As I went, my friends and I added and made up slang on the spot. Soon, with just about every conversation, we had come up with something new. Some of it was very obviously contrived but fun nevertheless. And we found that the more obscure, the better. We thought we were so clever. Now, as of December, 2004, this is the list.
For most of its gestation, Beavish was merely known by the moniker “The Language” but at some stage my colleague-in-Beavish Paul Clare decided it should be named after me as I was the one collecting and cataloguing the various disparate parts that make up the whole. And besides, Beavish, I admitted to him, does have a good ring to it.
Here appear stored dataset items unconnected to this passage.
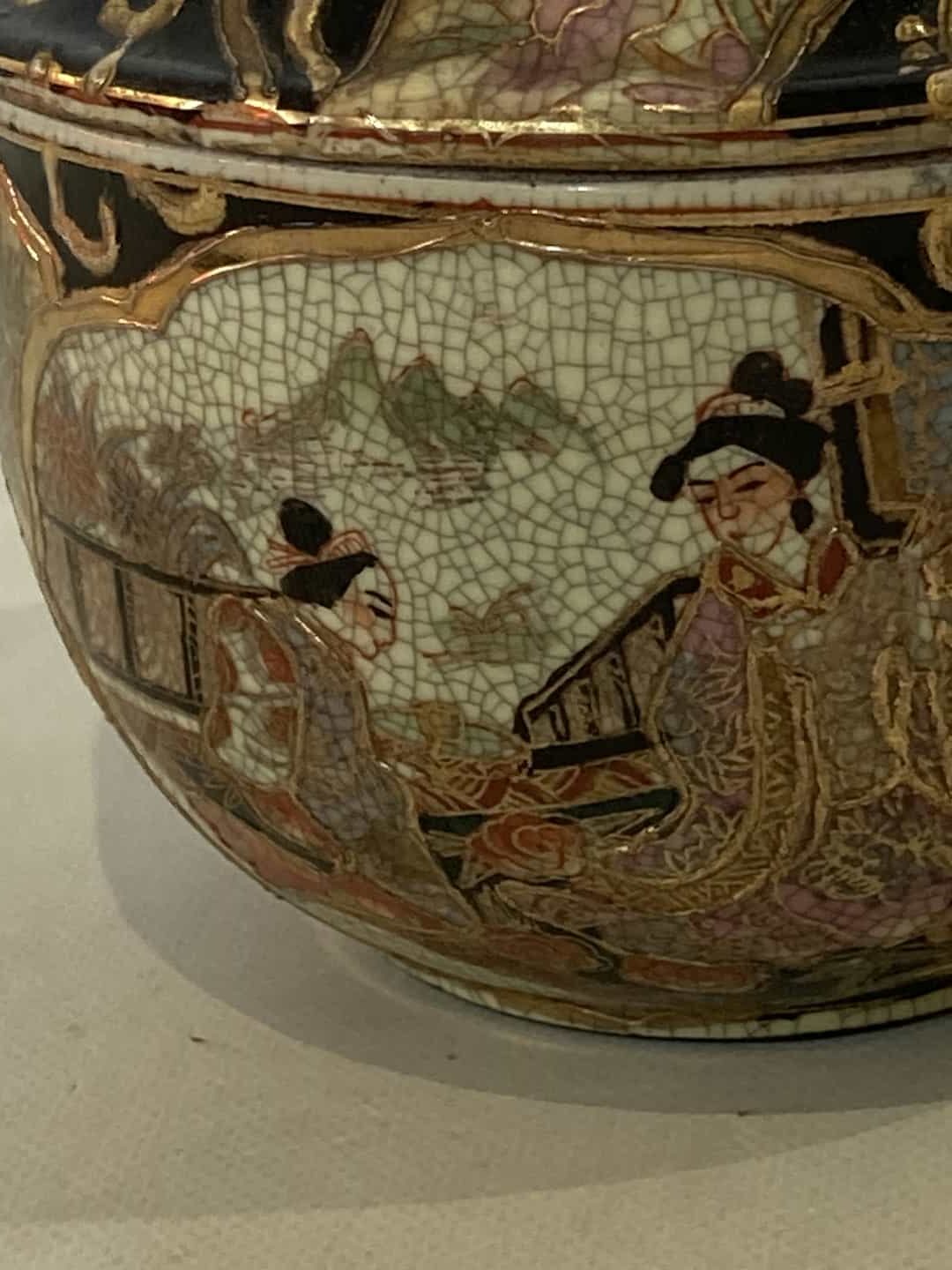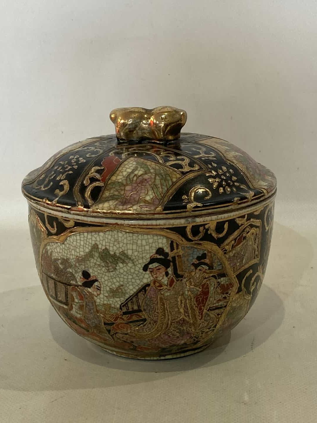 Vintage Κινέζικη κεραμική φοντανιέρα με καπάκι ζωγραφισμένη στο χέρι 17×15   Κωδικός προϊόντος: #s10091
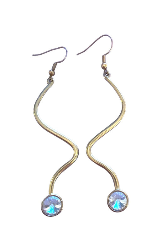 Vintage 80's Goldtone Rhinestone Curvy Dangle Earrings 3 1/4" drop
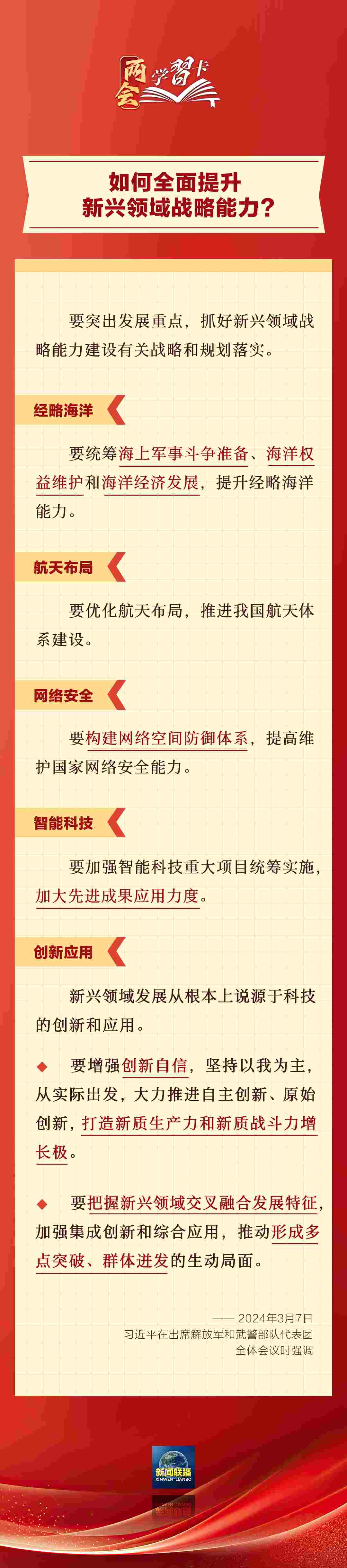 3月7日,習(xí)近平在出席解放軍和武警部隊(duì)代表團(tuán)全體會議時(shí)強(qiáng)調(diào),強(qiáng)化使命擔(dān)當(dāng),深化改革創(chuàng)新,全面提升新興領(lǐng)域戰(zhàn)略能力。如何提升新興領(lǐng)域戰(zhàn)略能力?一起學(xué)習(xí)↓↓↓
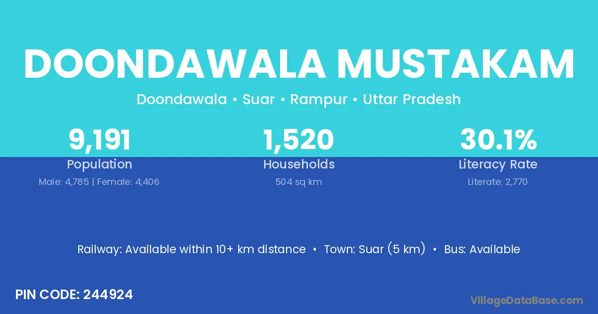 Suar (5 km) is the nearest town to Doondawala Mustakam village for major economic activities and is located approximately 5 km away.

The only thing that remains is to spread the word and get people everywhere saying they don’t want to “salt the watermelon” but they will have to “get their brace on” and “check for parsley”. And so forth. Already people (when I say people, I mean a select group of family and friends) are starting to debate various Beavishisms and even whether or not it is a dialect or slang. One person has suggested it is a “slanguage”.
Something I find very interesting about this list is that some of these phrases are very specific to certain situations and occasionally we have shortened what takes several sentences to explain into a couple of words. That’s something to think about while you sift through this evidence.
So I hope you enjoy reading this as much as we did while inventing it or while I compiled it. But I very much doubt that, as we are morally and intellectually superior beings.